Real Individual Growth, the Catalyst for Success

Why use a revenue growth filter of 10 per cent every year?

India’s nominal GDP growth rate has averaged 13.8 per cent over the past ten years. Nominal GDP growth is different from real GDP growth as unlike the latter, nominal GDP growth is not adjusted for inflation. In simple terms, it is (GDP) evaluated at current market prices (GDP being the monetary value of all the finished goods and services produced within a country’s borders in a specific time period). A credible firm operating in India should, therefore, be able to deliver sales growth of at least that much every year. However, very few listed companies, only nine out of the 1300 firms run under our screen, have managed to achieve this. Therefore, we reduce this filter rate modestly to 10 per cent; i.e. we look for companies that have delivered revenue growth of 10 per cent every year for ten consecutive years.
Following the Coffee Can Portfolio approach can lead to high-quality, low-risk investing. Coffee Can Investing is a great book if you want to learn how to go about low-risk investments that generate great returns.

Where did this term “Coffee Can Investing” come from?

Coffee Can Investing is a concept that originated in the US. This term was first coined by an American investment manager, Robert G. Kirby, in 1984. The name came about because of the old practice in old West America of people hiding their valuables in coffee cans and then placing them under the mattresses, where they stayed for decades. This way, such an investing strategy is known and famous for provisioning high returns in future.

What is something a beginner should keep in mind while investing?

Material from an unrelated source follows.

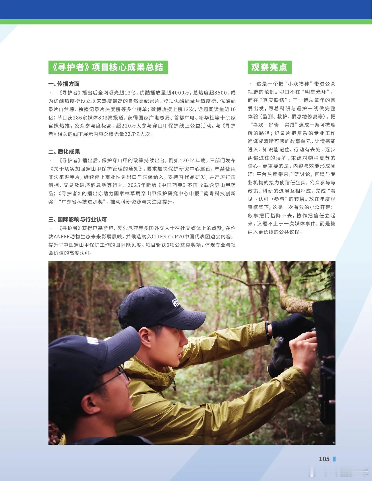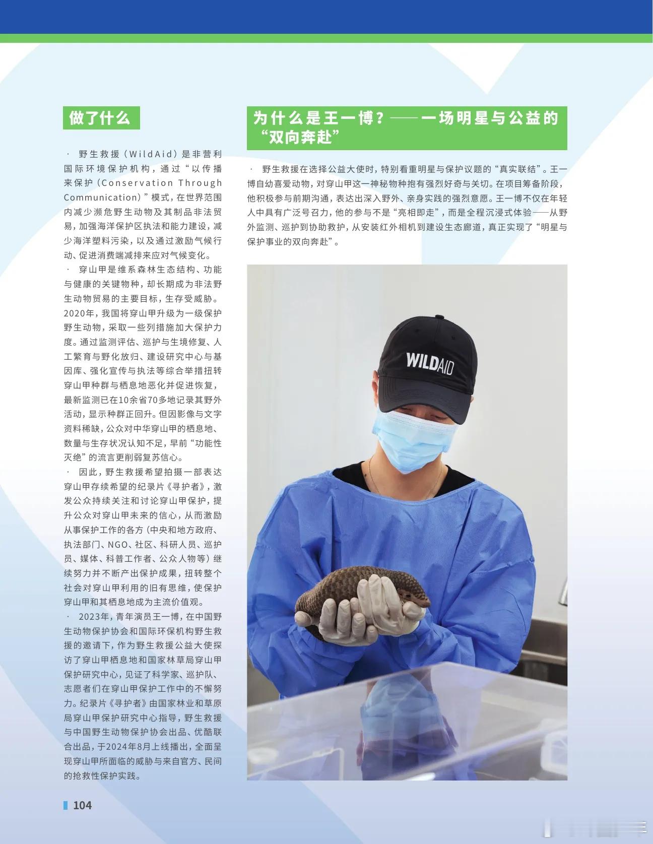 王一博入选年度明星公益优秀案例王一博成为年度明星公益优秀案例 《寻护者》的公益影响力太能打了!不仅带火小众物种保护,还实现平台热度、政策跟进、公众参与的良性闭环,王一博用行动诠释了流量该有的正能量!

The first and foremost thing to consider for a beginner is what goal you want to achieve by investing and the length of time you have to invest before reaching that goal. It is also important for you to understand your personal risk tolerance as all investments have some level of risk, and the market is volatile. You have to consider how comfortable you are with risk or how much volatility you can handle. When investing, one thing an investor should keep in mind is to not put all of the eggs in one basket. Diversification is the key. Consider an appropriate mix of investments and beware of frauds.

What is the difference between investing and trading?

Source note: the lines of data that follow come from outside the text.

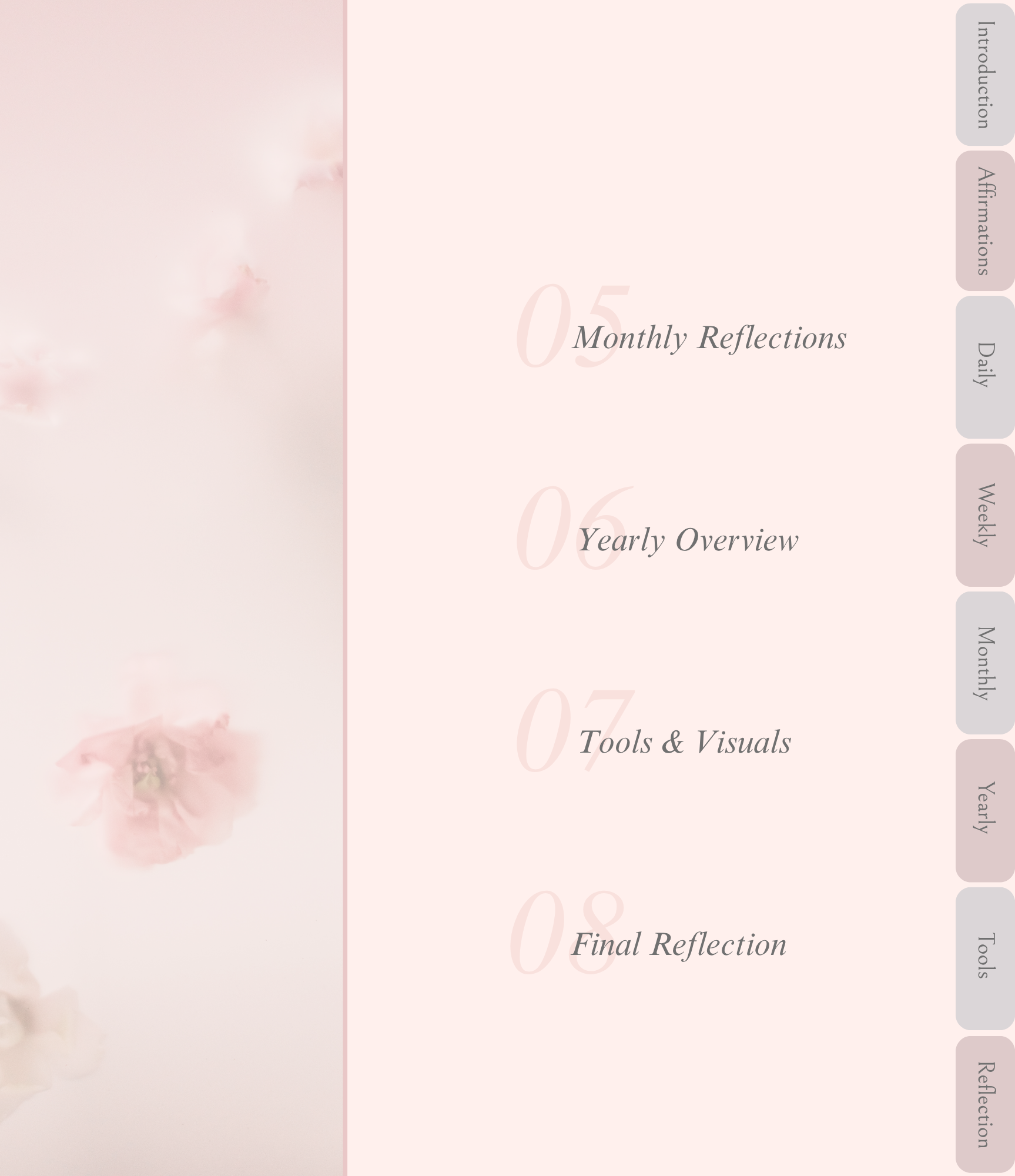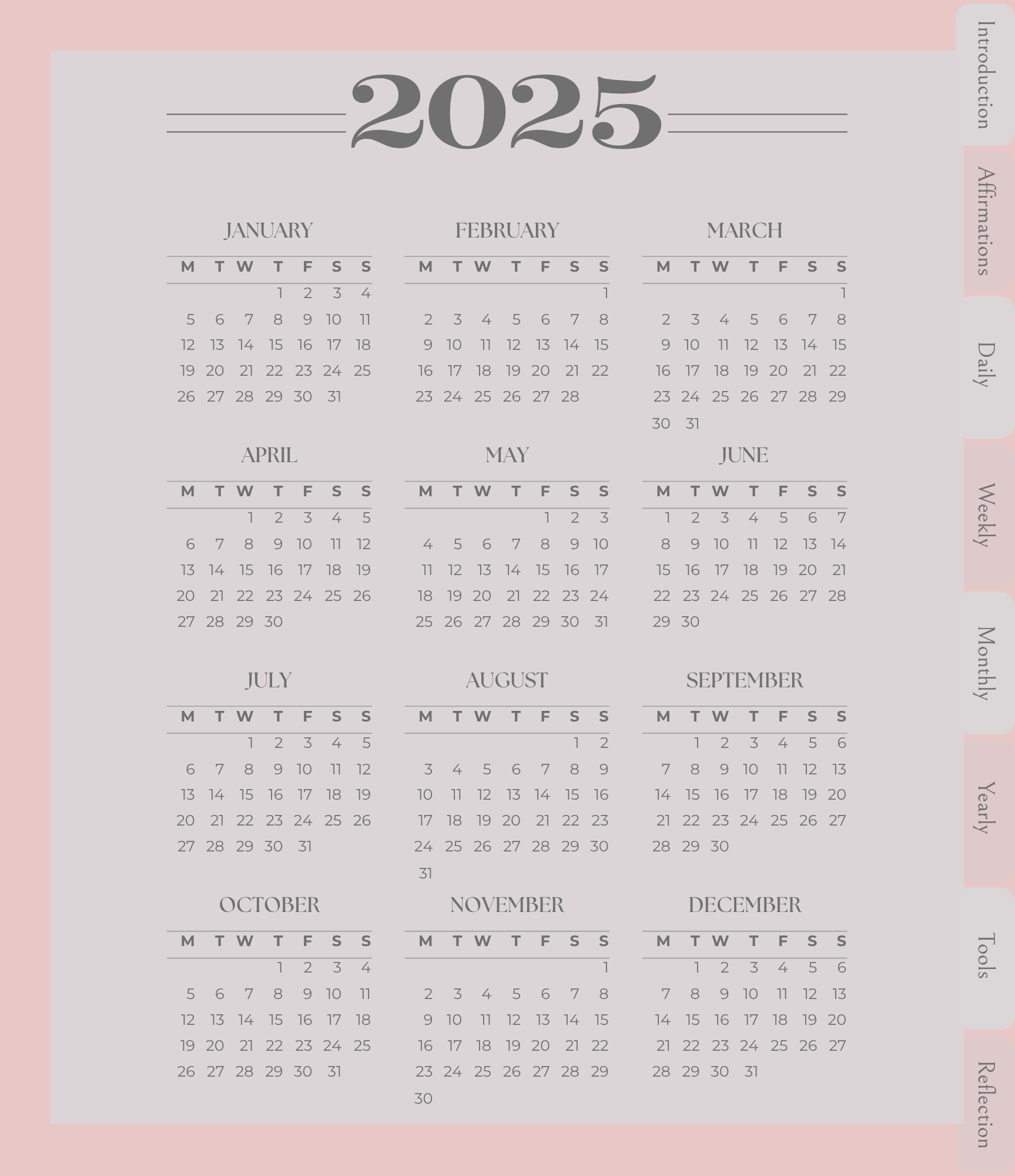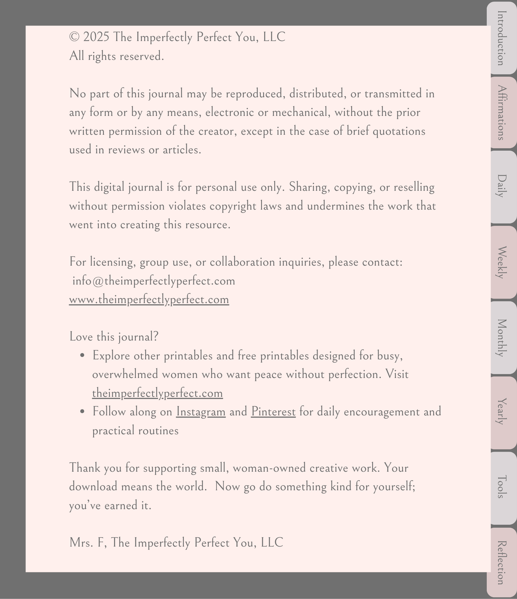 A beautifully designed 3-month gratitude journal to help you reflect, reset, and reconnect. Includes 158 pages of daily, weekly, monthly, and yearly prompts, visual trackers, 84 prompts and space to write freely.
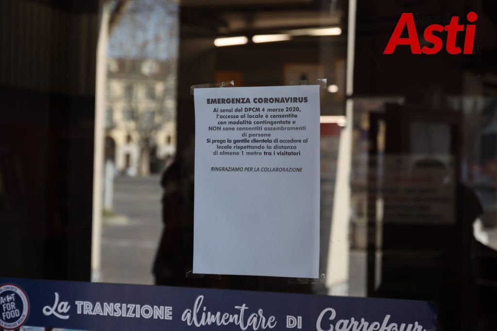 Mentre questa mattina alle 9 il sindaco di Asti arrivava in Prefettura per un primo incontro, i bar iniziavano a fare i conti con le nuove disposizioni. Qualcuno ha appeso un cartello chiedendo agli avventori collaborazione "affinché siano evitati assembramenti e garantita la distanza minima". Al bar La Piazzetta di piazza Primo Maggio, il titolare fa i conti con diversi giorni di ripercussioni sul proprio lavoro e una perdita di almeno il 20 per cento in meno.
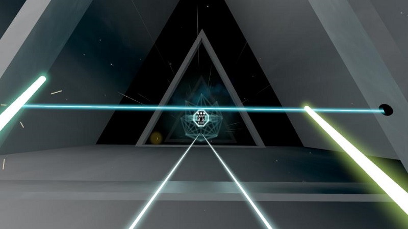 談到VR節(jié)奏音游,玩家們最熟悉的自然莫過于堪稱VR節(jié)奏音游天花板的「Beat Saber」。作為同類型游戲,「黑曜世界」在基礎(chǔ)玩法上與「Beat Saber」類似,玩家需要手持兩把不同顏色的光劍揮砍與之顏色對應(yīng)的節(jié)奏音符方塊,并根據(jù)揮砍的準(zhǔn)度與力度來獲取相應(yīng)分?jǐn)?shù)。而「黑曜世界」之所以依舊能夠在節(jié)奏音游的賽道中嶄露頭角,則與其在玩法和游戲元素上的多元創(chuàng)新設(shè)計(jì)有很大關(guān)系。
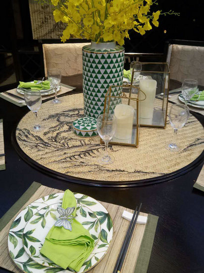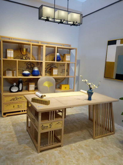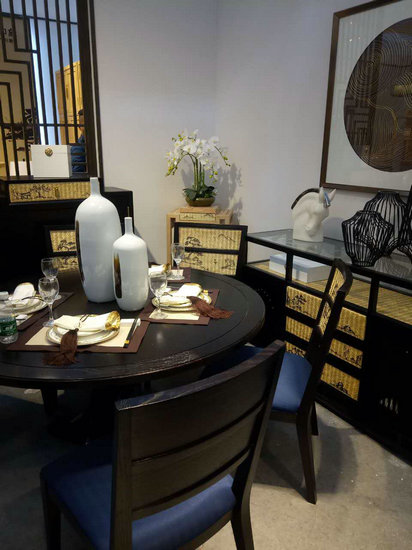 合晟東方的展位現(xiàn)場(chǎng),一幅幅已經(jīng)縹緲的山水畫感覺撲面而來。細(xì)品中既能感受到時(shí)尚現(xiàn)代元素,又能品味出傳統(tǒng)文化意味。柳編與實(shí)木的結(jié)合,巧妙的構(gòu)思,編織出時(shí)尚的圖騰案,美而不俗,簡奢時(shí)尚?;张芍心乔嗌骄G水、阡陌縱橫的獨(dú)特建筑風(fēng)格,為合晟東方的產(chǎn)品提供許多設(shè)計(jì)靈感,更為其增添些許傳統(tǒng)文化的更多內(nèi)涵。
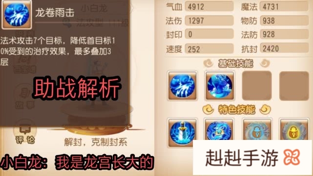 不过毕竟是有背景的孩子,小白龙这货法系实力可能不咋滴,但是小白龙在对局中对形势的把握还是十分精准的,在对面场上人数较多时使用龙卷雨击,降低对方的受治疗效果,如果对方单位较少时,就果断使用龙腾,同时技能双龙戏珠也不是抓瞎,使用概率极高,尤其是战场只剩2个或者3个人的时候,他对战场时机的把握堪称所有助战中最懂的。

Investing takes a long-term approach to the markets. The goal of investing is to gradually build wealth over an extended period of time through the buying and holding of a portfolio of stocks, basket of stocks, mutual funds, and other investment instruments. On the other hand, trading involves short-term strategies with the motive of maximising returns in the short run. Trading involves more frequent transactions and has high risk associated with it. Traders sell the stocks if the price goes higher. Trading is a skill of timing the market, whereas investing is the art of creating wealth by compounding interest and dividends over the years.